Overcast skies

Thu, 21 Nov 1996 17:54:52 +1100
Bruce R. McFarling (ecbm@cc.newcastle.edu.au)

Subject: Technology is human behavior, not "new life"

Alan McGowan [Hi, Alan] writes:
>...
> McClellan seems convinced that humans have opened a new
> chapter of evolution with technology, and he writes of
> technology as if it were as autopoietic as organic life. In fact
> all technology is dependent on humans to maintain it, and
> through humans, on the life support services of ecosystems.
> Technology is not a new form of postbiological life, it is part
> of the extended phenotype of human life, just as the beaver dam
> is part of the extended phenotype of beavers. It is part of
> biology -- a fragile part, every bit as dependent on the
> maintenance of biological integrity and healthy ecosystems as we
> humans are -- because technology is human behavior, human
> culture, human traits.
> ...

A computer is not a "technology". The ability to make a
computer, and to program it to do something, is "technology".
Techno Logos. Technique Words. Knowledge of Techniques. And so
our technology is intrinsically social, since human capabilities
are intrinsically social.
[Insert favorite wolf-boy story here]

We have to be careful of the difference between technology
being under our control and imaging that technology is under our
control. If the argument is that in the 18th and 19th centuries,
technology was thought to be under human control, and now we can
point to evidence that it is not, why *assume*[1] that 'they' were
right in the 18th and 19th centuries?

After all, the illusion that human societies in general -- and
technology in particular, which is an important aspect of human
society -- is under our control depends upon people's perception
that the rules of behavior that they are accustomed to are the
"natural" and/or "right" ways of doing things. So, perhaps it is
the accelerating pace of technological change that dispels the
illusion that we are in control of our societies. If so, this is
something we have been on the road to for quite a long while,
since technological change has been accelerating for the last 5
millenia at least.

People that imagine that they can stop all of our societies
from destroying irreplacable, essential systems in our material
environment by being just a little bit smarter, more cooperative,
better, wiser (etc., etc., and so forth), are, in one dimension of
the problem, entirely right, and in another dimension of the
problem, wildly wrong.[2] Our technology is what we know how to
do, and so they are right: stopping it is not "out there", but "in
here", among us.

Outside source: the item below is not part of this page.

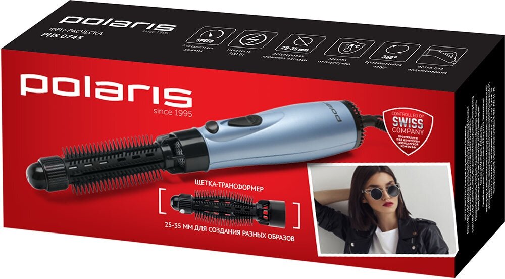 Type: hair dryer brush, hair dryer power: 700 W, additional functions: cold air supply, nozzles: brush, features: cord rotation, overheat protection, hanging loop

Right technology is simply one facet of right
action. But changing what we know how to do is one of the hardest
things there is to do, and it never turns out the way we expect it
to, so they are wrong (assuming, of course, that they exist at
all[2]).

BTW: the only deep ecology dream I could dream at the spur of
the moment was pretty shallow: I walked to the local store, and
bought a cherry muesli bar. Cherries, after all, were in season.
I went back to work on the university computer, and that's all,
there is nothing else. To be specific: there was no garbage can
in the office to throw the wrapper "away", no hint of the notion
that there is an away to throw thing to, and, therefore no wrapper;
therefore no wholesaler; therefore no delivery truck; therefore
no big meusli bar factory; therefore no surprise that the person
who made them dropped them off on their way to Uni. Etcetera,
Etcetera, and so forth.

Virtually,

Bruce R. McFarling, Newcastle, NSW
ecbm@cc.newcastle.edu.au

[1] BTW, using all caps is *not* the only way to place emphasis on
what we write in these forums, and I want to underline that:
_that_.

[2] And it's important to note that AFAIK these people have only
entered the discussion in the third person.